Example setup for using self-phase modulation to measure the initial temporal profile of a pulse. The initial spectrum passes through a material with a Kerr nonlinearity, causing a change in the spectrum due to self-phase modulation. A neural network takes the initial and final spectrum as inputs and extracts the initial phase and fluence of the initial pulse, allowing the initial temporal profile to be reconstructed.

Since the spectral change between the initial and SPM spectrum are directly dependent on the temporal intensity profile. This nonlinear relationship between the initial and SPM spectra can be utilized to obtain the additional information required to reconstruct both the initial spectral phase and peak power. While SPM in dispersionless media has not been explicitly proven to uniquely find the phase for all laser pulses , it has been shown it is able to accurately and robustly solve for the phase in a wide variety of laser pulses15,16. Specifically, the phase reconstruction does not require information about the peak power of the pulse and does not have a direction of time ambiguity (i.e. which side of the pulse is the leading edge of the pulse).
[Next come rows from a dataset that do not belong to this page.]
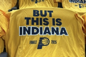 賽前,場館內的座位上鋪滿了步行者的黃色助威T恤,上面印有“但,這里可是印第安納!”的字樣。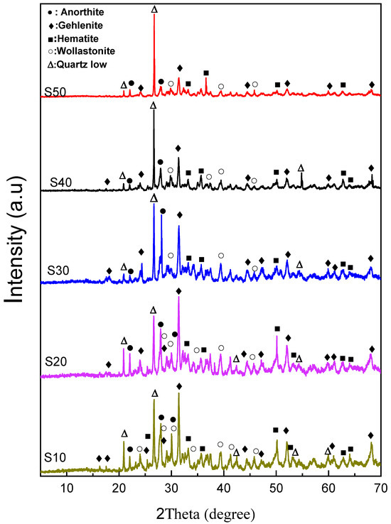 The crystal structures and mineralogical compositions of the ceramic samples S10–S50, were identified by XRD (Figure 3). The cards established by the International Centre for Diffraction Data were used to determine major crystalline phases. As a result, gehlenite (Ca2Al2SiO7) (JSPDS No. 20-199), wollastonite (CaSiO3) (JSPDS No. 10-489), and anorthite (CaAl2Si2O8) (JSPDS No. 20-20), low quartz (SiO2) (JCPDS No. 5-0490), and hematite (Fe2O3) (JSPDS No. 33-664) minerals were detected in all the studied ceramic samples. In particular, it was found that, among the main mineral phases, gehlenite has characterized lines 2.85, 1.75, 3.07, and 5.46 Å, quartz low has defined lines 3.342, 4.257, and 1.817 Å, and anorthite has characterized lines 3.19, 3.18, and 3.21 Å. In addition, the wollastonite phase has identified lines 2.97, 3.83, 3.52, and 3.31 Å, and hematite has represented lines 2.700, 2.519, 1.694, and 1.840 Å; these were present as minor phases in all investigated samples. It can be noticed that the content of quartz increased, while the gehlenite and anorthite concentrations decreased from the S10 to S50 samples. Gehlenite, quartz, and anorthite were found to be the main phases from S10–S20. The phases of mineral quartz started to increase from sample S30 and were the main phase in sample S50, whereas the phases of mineral gehlenite and anorthite decreased. With the increase in scoria, the intensities of low quartz, gehlenite, and anorthite peaks increased slightly. In S40 and S50, the intensity of the low quartz peak increased while the intensities of gehlenite and anorthite peaks decreased.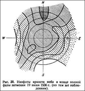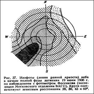 Как показали фотометрические наблюдения во время солнечных затмений 1936, 1941, 1945 и 1952 гг., распределение яркости по небу за время полной фазы значительно изменяется, отражая перемещение лунной тени относительно наблюдателя. Для примера приводим рис. 2 и 3, на которых изображены изофоты (линии равной яркости) неба в начале и в конце полного затмения 19 июня 1936 г. по данным экспедиции Московского отделения ВАГО. Лунная тень перемещалась тогда с юго-запада на северо-восток.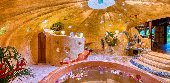 The ecolodge appears to be nothing out of the ordinary from afar, but upon close inspection, you'll find out that some parts might be the result of an ayahuasca trip that went well. The wooden structures hide eye-popping colors, bursting with positive energy. If this was not unique enough, a converted school bus has a house built around it. Hammocks and colorful self-standing outdoor bathtubs decorate the five back-to-your-childhood houses. The Beach Suite and Beach House offer ocean views and musical symphony from the sound of the waves. Crystal House, Garden House, and the Tree Houses are tucked deeper inside the greenery of the tropical forest.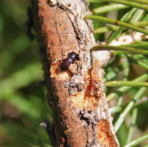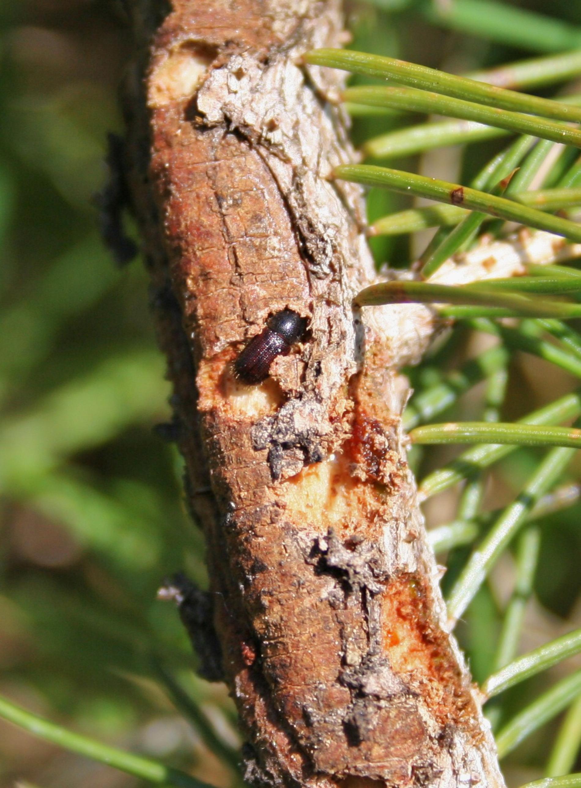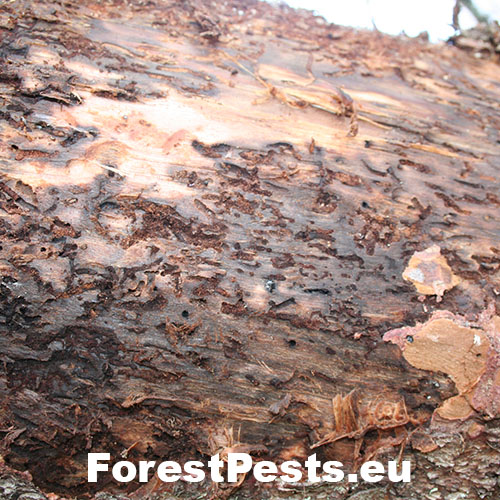 This member of the bark beetle family colonizes thicker trunk sections of dying trees. Primarily, however, it prefers felled or broken trunks lying on moist ground and often inhabits stumps, too. The adult is a brown beetle, 3-4 mm long. Larvae excavate gallery, which is normally single-branched, with larval tunnels on both sides. In case of massive attack the feeding galleries are intersected. Its more common in higher altitudes. The relative species Dryocoetes hectographus can also be found on Norway spruce.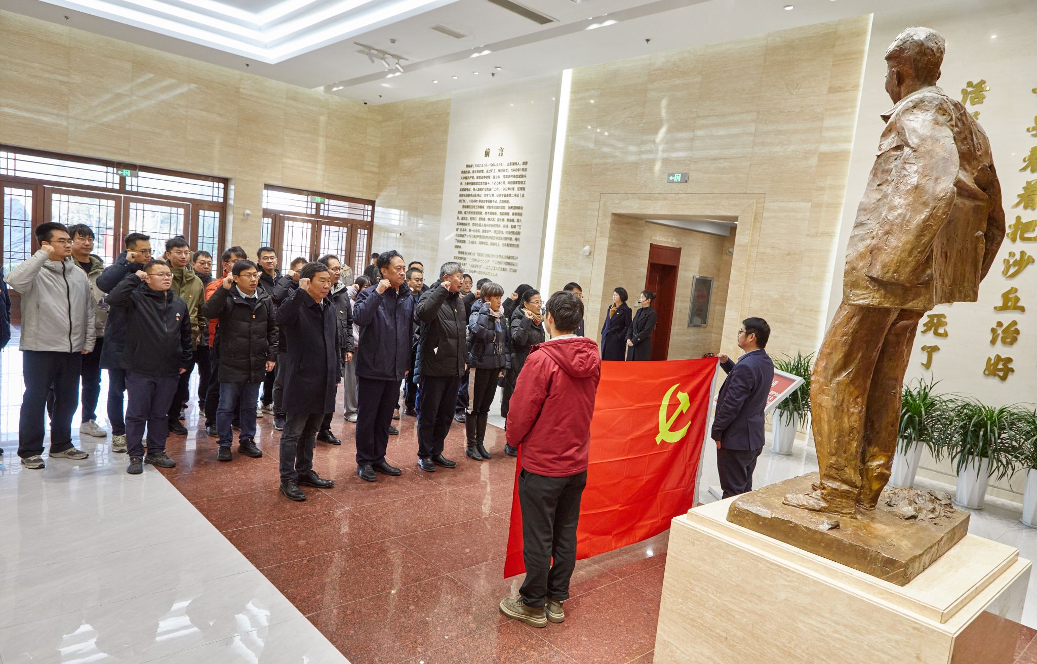 12月21日上午,全体党员步行前往参观习近平手植树,至焦桐广场聆听焦桐故事,在庄严肃穆的焦裕禄纪念园内,全体成员重温入党誓词,誓言以实际行动践行党的宗旨。随后,大家前往兰考县智慧岛,依次参观了国家乡村振兴(兰考)研究院展厅、无废城市展厅、智慧岛展厅以及乡村振兴5G+智慧农业展厅。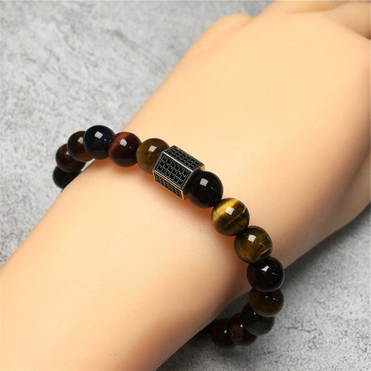 Multi Color Tigereye Stone Beads with Black Striped CZ Charms Elastic Rope Handmade Bracelets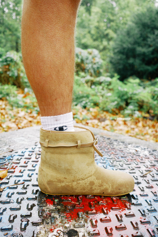 Belts Clogs Boots, introduced as a new style for the season, reinterprets the classic snow-boot silhouette with a thin outsole that creates a sense of ease and agility. Its foldable shaft, accented with a lamb-textured buckle, adds a subtle lift to winter styling. The Swift Trek Vintage Racing Boots draw on retro, nostalgic aesthetics to explore diverse perspectives, while the Reel Fisherman appears in a bright, expressive gold colorway that highlights a more progressive visual attitude.

One benefit of SPMs ability to measure both the initial spectral phase and peak power is that by combining the peak power reconstruction with knowledge of the spatial profile of the laser pulse, the peak intensity of the laser pulse can also be calculated. With the usage of a high damage threshold dielectric as a nonlinear media, self-phase modulation can be performed with high intensity beams, enabling in situ pulse reconstructions of the beam for high energy beams. Commonly, the analytical solution for the GNLSE has been used in an Gerchberg-Saxton style iterative phase reconstruction algorithm, in which the phase is reconstructed from the measured spectra of subsequent thin dielectric plates15,16,17. Iterative phase retrieval methods have seen success for many-cycle laser pulses, however relying on the analytical solutions to the GNLSE limits the application to systems with negligible material dispersion. For broadband laser systems, even a small amount of material dispersion can substantially alter the way the spectrum changes from SPM, requiring the GNLSE to be solved numerically.

Figure 2
figure 2

An example of a randomly generated simulated laser pulse used to train the neural network. (A) A randomly generated spectrum (black) centered on 374 THz along with the randomly generated phase (red) and the reconstructed initial phase (dashed blue). (B) GNLSE simulations based from the reconstructed initial pulse(dashed blue) and the true initial pulse (red). (C) Temporal profiles of the reconstructed pulse(dashed blue) and the true temporal profile (red).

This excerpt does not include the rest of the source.